EXERCISE AIM
Starting at the line that contains "- В 2015 году", retype each line to the end of the listing below. Include both ends, but not the pictures.

RECORDED INFORMATION

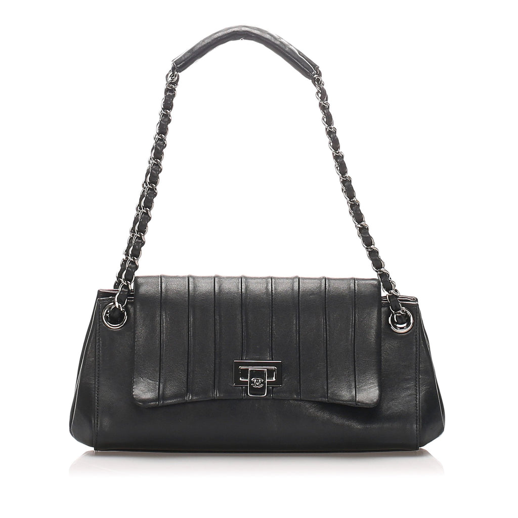 This shoulder bag features a lambskin leather body, curb chain straps, a front flap with a twist lock closure, and interior zip and slip pockets.
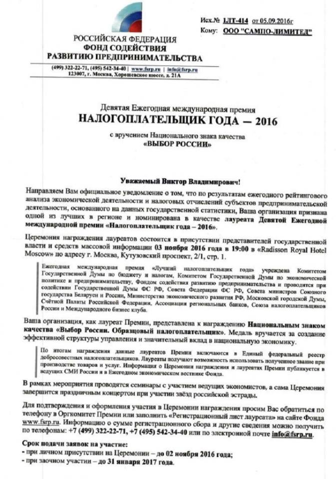- В 2015 году ООО «САМПО-ЛИМИТЕД» признана одной из лучших в регионе и номинирована в качестве лауреата Восьмой Ежегодной международной премии «Элита национальной экономики — 2015» подробнее о награде.
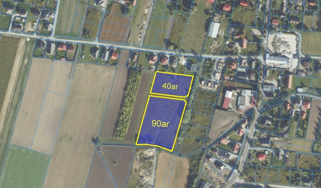 Działka w kształcie prostokąta o wymiarach ok. 80m x 160m

YOUR SOLUTION
- В 2015 году ООО «САМПО-ЛИМИТЕД» признана одной из лучших в регионе и номинирована в качестве лауреата Восьмой Ежегодной международной премии «Элита национальной экономики — 2015» подробнее о награде.
 Działka w kształcie prostokąta o wymiarach ok. 80m x 160m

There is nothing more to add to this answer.